In the depths of winter he could head for the coast of southern France. Above all, he would need time to rid his body of tropical, forested Africa, a place that he loved and hated in near equal measure, hate having the edge. He needed to rest in a place that did not pull him too much either way. He needed to simply rest.
Pender's thoughts returned to the creature in his lens. He adjusted the focus slightly and steadied himself. He would have just a few seconds before his uncomfortable position would require adjustment. He wanted the seal to look straight at him, through him and beyond him. It would be that look of casual disinterest that some of the smarter animal species could pull off, even in the closest proximity to predatory man.
The seal was looking slightly to one side of Pender's optical crosshairs, but, for a split second, turned its head full on to the camera and flared its nostrils. Pender's right forefinger lightly touched the hair trigger button. There was a barely perceptible click and the shot was in the bag. The seal's look had been one of disdain rather than disinterest but it would do. It was a wrap, the final photo for the book. The final photo ever for all Pender cared right now.
“Nice one,” he said, loudly now because stealth was no longer required.
The sound of clapping hands was just yards away.
“Nice one indeed,” said the voice.
Two humans being one too many, the seal and several of its companions rolled over to one side and slipped smoothly into the water. Pender, too, rolled over and stared at the man standing on top of a rock ten yards behind his position. It was the old priest dressed in hiking gear that looked straight out of a Hillary and Tensing photograph.
“Ah, there you are,” said Pender, his left hand rising in greeting. “I was beginning to wonder.”
“Wonder is always something I would encourage,” came the prompt reply. It was unclear for a moment as to which man would make the first move, but an especially big wave showered Pender with spume. Placing his hands around the camera to protect it from the salt water he sprang up as quickly as his stiff joints would allow and covered the distance between the two of them in a series of short steps and slight leaps.
“I wasn't sure you would make it,” he said, slightly out of bre
ath and standing on an adjoining rock.
“Oh, I've been here, or at least hereabouts, for several days,” was the response. “I see you have been photographing seals. Fascinating creatures. In the old days they were considered to be the reincarnations of drowned sailors. And perhaps they are. Come, walk with me back to the beach.”
Without waiting, the priest turned and with a litheness that belied his age negotiated several other rocks before dropping down onto the sand. Pender followed, a little more slowly.

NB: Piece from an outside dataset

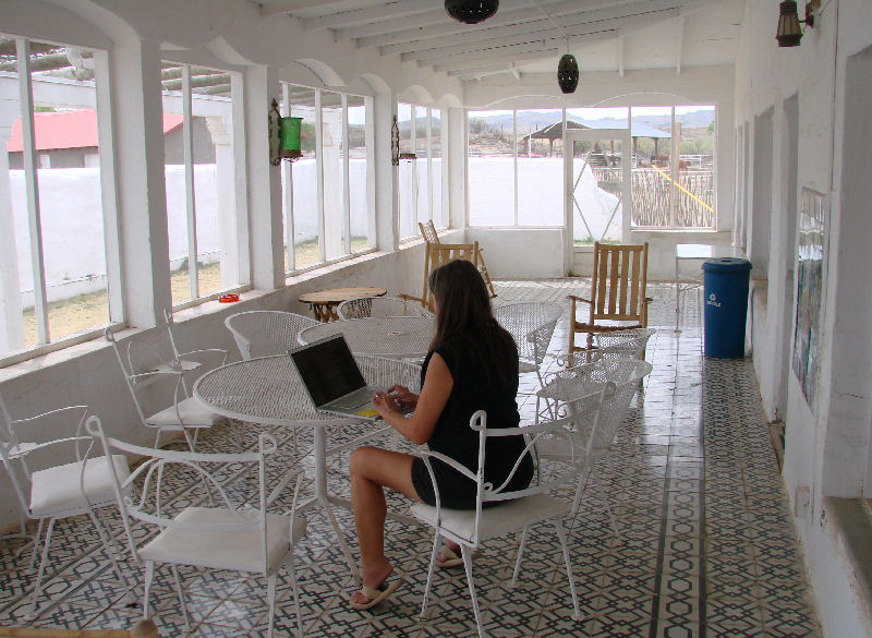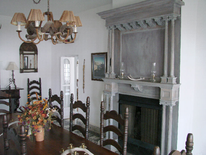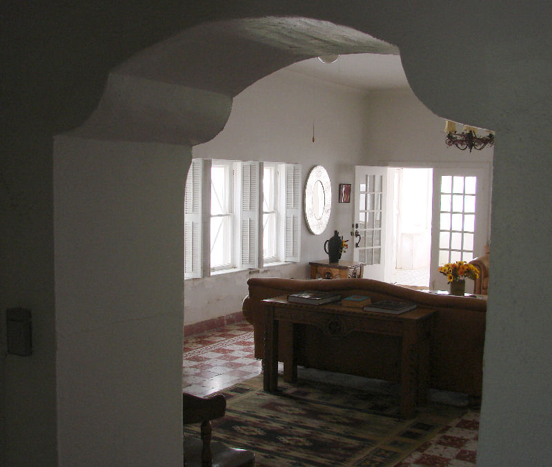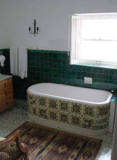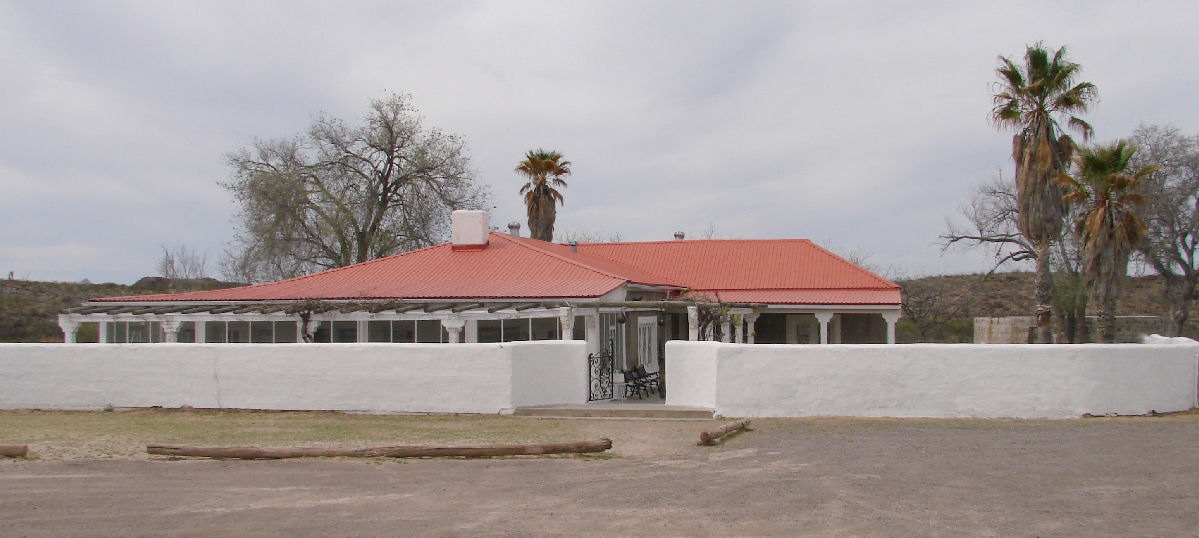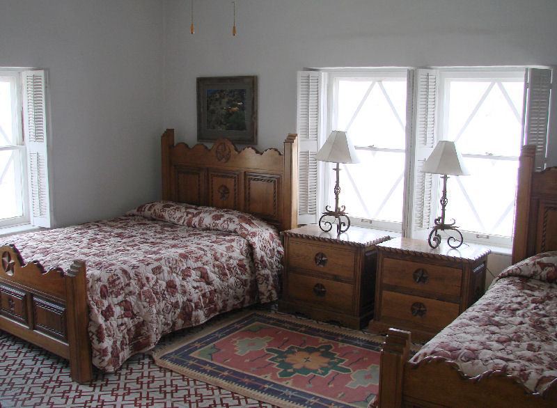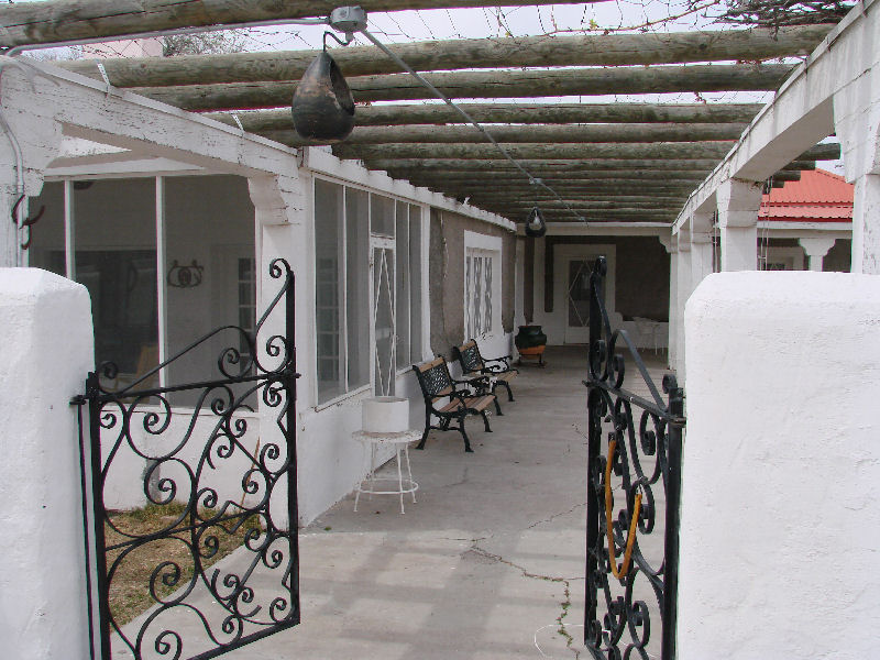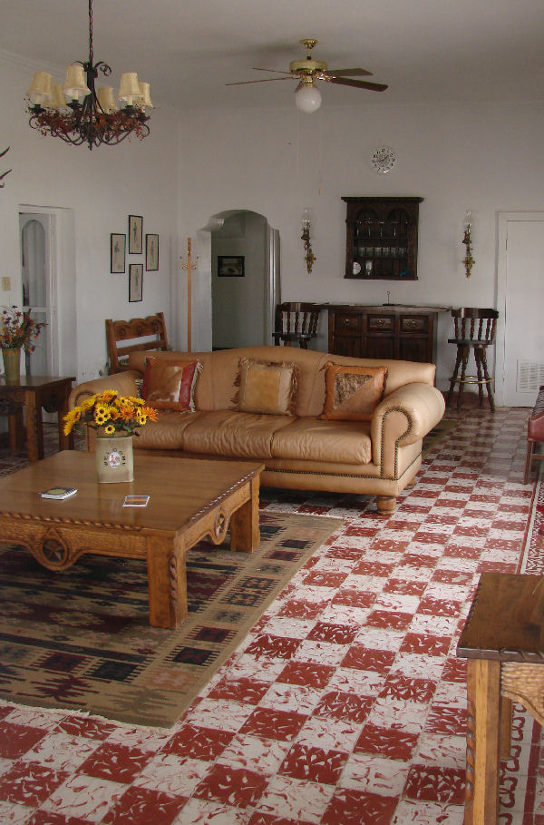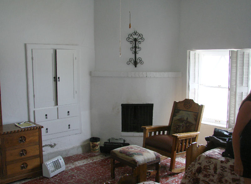 | The Big House was built in the early 1900s as the ranch house for this privately-owned ranch. It is adobe construction with large rooms and high ceilings. Every room except for the kitchen and bathrooms has a fireplace. The original structure consisted of the 3 rooms and porch in front. The three bedrooms in back were added later. The house does show its age, somewhat more than is seen in the photos. The floor tiles are crumbling around the edges and the floor is uneven in places. The paint on the adobe is peeling due to moisture intrusion. Nevertheless it is a charming and comfortable home. One cannot help but ponder the history it has seen. |

His camera would not take well to a tumble.
“Splendid day,” the priest said, his arms spread wide. “God is smiling on the world, or at least this precious corner of it.”
Pender caught up. “God might be smiling, but I'd be a little worried over what he's thinking. One of his representatives on earth plotting murder, double murder, perhaps even the multiple kind.”
The older man stopped and stubbed a booted toe in the sand. “Oh come, come, Mr. Pender. Remember, we don't always call it murder. We churchmen have notched up more than two thousand years of calling it by other names.”
“Call it what you like,” Pender retorted. “This time around it's not some bloodsucking tin pot dictator in a jungle clearing. These guys are serious shit and seriously protected. I thought the photo covers in the envelope were a mistake. But they're not, are they? You want me to pop off the president and the prime minister, and I don't even know bloody well why.”
The old man turned and faced the water. He put his hands in pockets in the front of his windbreaker, thus giving himself the appearance of a meditating monk in a habit.
“Well, I'm glad you want to know why, Mr. Pender,” he said. “I can only assume that we're off the mark and the mission has been accepted in principle.”